Polls, Catholics and abortion

In the light of renewed interest in the public debate about abortion, Queensland Bioethics Centre director RAY CAMPBELL, who is a spokesman for Brisbane archdiocese on ethical issues, considers where Catholics stand on the issue

THERE seems to be some confusion regarding what the Catholic Church believes about abortion and what individual “Catholics” do and believe.

It is said by some that Catholics have abortions at about the same rate as do others in the population. This appears to be true. However, if we consider only those Catholics who actively participate in their local church through such things as weekly Mass attendance then the percentage is considerably lower.

Similarly it is said that more Catholics support the decriminalisation of abortion than oppose it. But once again for the statistic to be meaningful one would have to distinguish between nominal Catholics and Catholics who participate in their Church.

Polls are notoriously ambiguous on the question of abortion. Most of the popular polls ask one simple question, such as “are you in favour of the decriminalisation of abortion?”

A majority tend to answer “yes” to this question. However more in-depth polling reveals some interesting answers.

In an extensive poll conducted by Market Facts (Qld) Pty Ltd, the majority of respondents indicated they supported “abortion on demand”. The respondents were then asked if they favoured abortion for social and financial reasons.

Only 39 per cent indicated that they did! Yet most abortions are carried out for social and/or financial reasons.

So the support for real “abortion on demand” is not as great as the pro-abortion lobby would have us believe.

What individual Catholics believe regarding the moral rights and wrongs of abortion is much harder to establish.

However, what the Catholic Church believes and teaches is very clear. From the time of the apostles to the present the Church has taught that abortion is a grave moral disorder.

Because of the confusion generated in a world which tends to have lost its moral compass over abortion, Pope John Paul II spelt our the Church’s position very clearly in his encyclical, “The Gospel of Life”.

Having repeated the constant teaching of the Church regarding the sacredness of every human life, John Paul II stated: “Therefore, by the authority which Christ conferred upon Peter and his Successors, in communion with the bishops – who on various occasions have condemned abortion and who in the aforementioned consultation, albeit dispersed throughout the world, have shown unanimous agreement concerning this doctrine – I declare that direct abortion, that is, abortion willed as an end or as a means, always constitutes a grave moral disorder, since it is the deliberate killing of an innocent human being.

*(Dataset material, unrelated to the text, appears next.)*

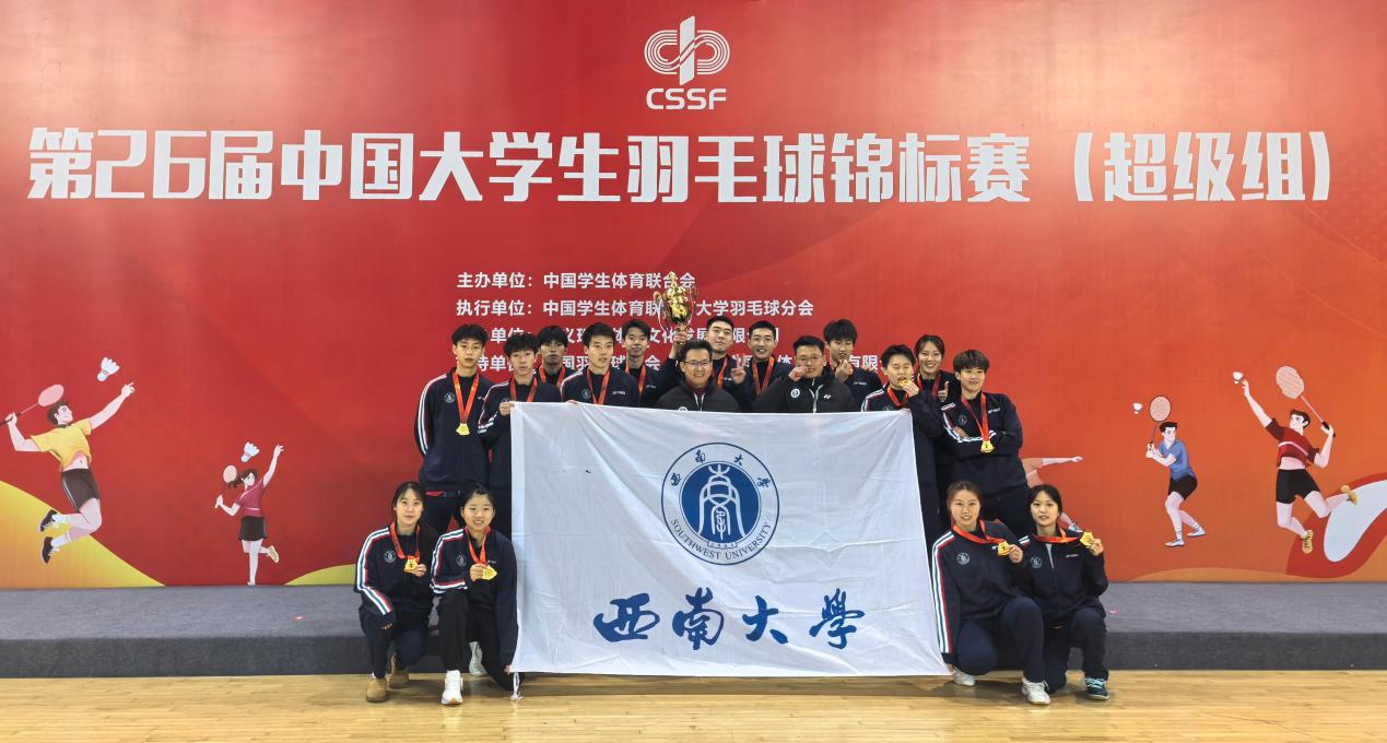 近日,第26届中国大学生羽毛球锦标赛(超级组)在遵义奥体中心体育馆举办。学校代表队在领队罗义文及教练邹巍的悉心指导下,凭借坚韧不拔的拼搏精神,成功摘得混合团体项目的桂冠,并在个人单项比赛中收获1枚金牌、2枚银牌。
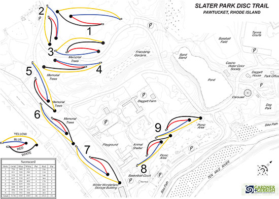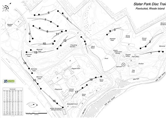 With disc golf popularity rising, the City of Pawtucket took the initiative to include a course in historic Slater Park. Gardner + Gerrish worked with the City to design a course that makes use of some under developed existing trail network. We routed an 18 hole course with two sets of tees and two sets of baskets providing four different courses. Much like golf, the shortest course is appropriate for beginners, while the longest course will be the longest in New England and is proposed for use for tournaments as a professional disc tour course.

“This doctrine is based upon the natural law and upon the written Word of God, is transmitted by the Church’s Tradition and taught by the ordinary and universal Magisterium.

“No circumstance, no purpose, no law whatsoever can ever make licit an act which is intrinsically illicit, since it is contrary to the Law of God which is written in every human heart, knowable by reason itself, and proclaimed by the Church.” (n.62)

It is clear by the wording that Pope John Paul II was proclaiming this as the irreformable teaching of the Catholic Church. This is part of what the Catholic Church believes.

The Church also believes that we should do all we can to support pregnant women, and to bring healing to those who suffer after having been through an abortion.

Catholics who say they are Catholic and yet reject this teaching are in a rather odd position. The Catholic Church is a communion of faith.

One enters into this communion by virtue of baptism at which time we (or our parents and godparents) declare our common faith. One remains a Catholic by continuing to share in that communion of faith.

To the extent that one rejects what the communion of faith believes as expressed through the definitive teaching of the Magisterium, to that extent at least one is not in communion with the communion of faith.

So a Catholic who holds that abortion is simply a “woman’s choice” is to that extent not in communion with the Catholic Church, and to that extent is not speaking “as a Catholic”.

Moreover this is a slippery slope. In order to justify the acceptance of abortion one has to reject a definitive teaching of the Magisterium. But that amounts to a rejection of the authority of the Magisterium to teach, although many people do not realise that this is what they are doing.

This authority to teach is constitutive of the Catholic Church’s self-understanding. So the “pro-abortion” Catholic does not share in the communion of faith regarding the Church itself. How far down the slope does one go before one stops being a Catholic?

Pope John Paul II did not simply repeat the teaching of the Church on abortion. He called upon all to work to establish a “culture of life”, to be “people of life and for life”. May we all heed his call.